We’re building products quicker with same resources but does the hands on testing effort remain the same?

Is there a risk testing becomes a bottleneck as a result? I’ve had strong views that if testing is ever a bottleneck you are doing it wrong. This is something though that I do feel will need adaption to make sure this continues to be true.

My suspicion is that I’ll over time need to move some of my risk investigation down to code level as more tools become available for scanning for risks at code level. An example could be accessibility scanners at code level with the scans adding efficiency to my testing.

Even if I do not see the issue of the tools being in the wrong hands element, its still going to change things significantly in my view.

Whether my testing efficiency improvements match those of developer remains to be seen, but seems a reasonable starting goal.

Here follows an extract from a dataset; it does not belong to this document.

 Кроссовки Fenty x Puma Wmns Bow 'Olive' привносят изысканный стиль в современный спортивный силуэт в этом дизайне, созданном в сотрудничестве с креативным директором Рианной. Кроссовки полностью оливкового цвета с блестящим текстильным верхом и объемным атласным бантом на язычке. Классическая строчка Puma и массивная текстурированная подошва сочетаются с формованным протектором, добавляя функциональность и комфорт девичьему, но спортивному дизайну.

I’ll be watching for signs of that bottleneck very bad case scenario (unlikely the worst) and looking for ways to avoid this.

3 Likes

That side angle expectation element of everyone being x times more productive yet paid the same salary as before is going to impact the market and potentially testing community as a whole.

1 Like

If you let how the code was generated influence how you test, I think thats a dangerous game. Efficiency is a demand on testing regardless of AI. The objectives of testing have not changed, only the tools you use to achieve those objectives.

1 Like

AI is not that intelligent it an interpret relationships, how many of you have googled for code or coding solutions to resolve a test automation problem. There aren’t that many ways to interact with the O/S, web services and/or it’s functionalities .

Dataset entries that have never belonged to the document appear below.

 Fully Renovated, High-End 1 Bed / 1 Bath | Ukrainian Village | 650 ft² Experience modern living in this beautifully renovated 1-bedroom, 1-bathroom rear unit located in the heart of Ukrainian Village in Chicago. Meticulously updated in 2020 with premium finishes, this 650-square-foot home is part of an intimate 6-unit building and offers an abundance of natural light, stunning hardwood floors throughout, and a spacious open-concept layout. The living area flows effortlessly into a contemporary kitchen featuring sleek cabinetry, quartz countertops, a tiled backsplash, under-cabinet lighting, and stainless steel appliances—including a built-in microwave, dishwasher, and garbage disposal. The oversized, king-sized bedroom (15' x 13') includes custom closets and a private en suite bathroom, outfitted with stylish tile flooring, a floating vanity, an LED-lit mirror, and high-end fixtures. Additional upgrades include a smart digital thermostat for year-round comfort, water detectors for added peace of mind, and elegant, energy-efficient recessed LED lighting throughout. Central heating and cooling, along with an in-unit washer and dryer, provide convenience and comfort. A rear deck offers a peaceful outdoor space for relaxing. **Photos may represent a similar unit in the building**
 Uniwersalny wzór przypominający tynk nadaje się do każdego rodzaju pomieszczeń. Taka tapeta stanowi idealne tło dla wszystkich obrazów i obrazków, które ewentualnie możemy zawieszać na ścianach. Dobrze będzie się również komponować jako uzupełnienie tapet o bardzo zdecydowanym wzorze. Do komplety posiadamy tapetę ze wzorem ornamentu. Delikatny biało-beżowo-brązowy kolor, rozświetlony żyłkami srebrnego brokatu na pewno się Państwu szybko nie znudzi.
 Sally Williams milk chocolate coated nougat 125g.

Testing stays the same, you still need to interpret the results from AI, if it looks right, it doesn’t mean it’s right since it’s based on the language models

1 Like

I think some things won’t change, but other things will.

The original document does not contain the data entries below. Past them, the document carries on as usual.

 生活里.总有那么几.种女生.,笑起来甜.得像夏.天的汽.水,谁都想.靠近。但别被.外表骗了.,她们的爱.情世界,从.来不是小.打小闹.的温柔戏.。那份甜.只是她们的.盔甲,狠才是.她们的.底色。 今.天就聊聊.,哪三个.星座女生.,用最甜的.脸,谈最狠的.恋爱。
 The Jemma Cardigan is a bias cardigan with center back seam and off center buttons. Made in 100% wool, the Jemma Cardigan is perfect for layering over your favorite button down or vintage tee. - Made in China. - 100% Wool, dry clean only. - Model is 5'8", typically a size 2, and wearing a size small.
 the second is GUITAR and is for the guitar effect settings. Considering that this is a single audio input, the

For example, some problems may be more common with AI and we will learn how to look for them better. Hallucinations and the distrust of data are a couple of generic examples.

2 Likes

Agree, code was always coming into “the product” from sometimes random places and in random ways, so having some not insignificant inflow from a monoculture is a risk in itself, but we have to defend in much the same way we always have had to. Dig deeper with tools that go deeper, great coverage of the security concerns, Andrew.

1 Like

From a black box tester’s point of view, the risk is substantially higher so you should advocate for more time and budget. You won’t get it, in which case you should explain this in your gap analysis or risk analysis or whatever it is you do at the end of a project or test phase to explain the remaining risks to the stakeholders.

Indeed. Developers are already reporting AIs inventing methods that don’t exist in the programming language they have been told to use. The compiler should pick up this particular fault, but I am sure that many other types of fault will not get detected before they get through to the testers.

It’s well worth reading developer reports on their real world experience of using AIs for coding. Many such reports are posted every day on LinkedIn.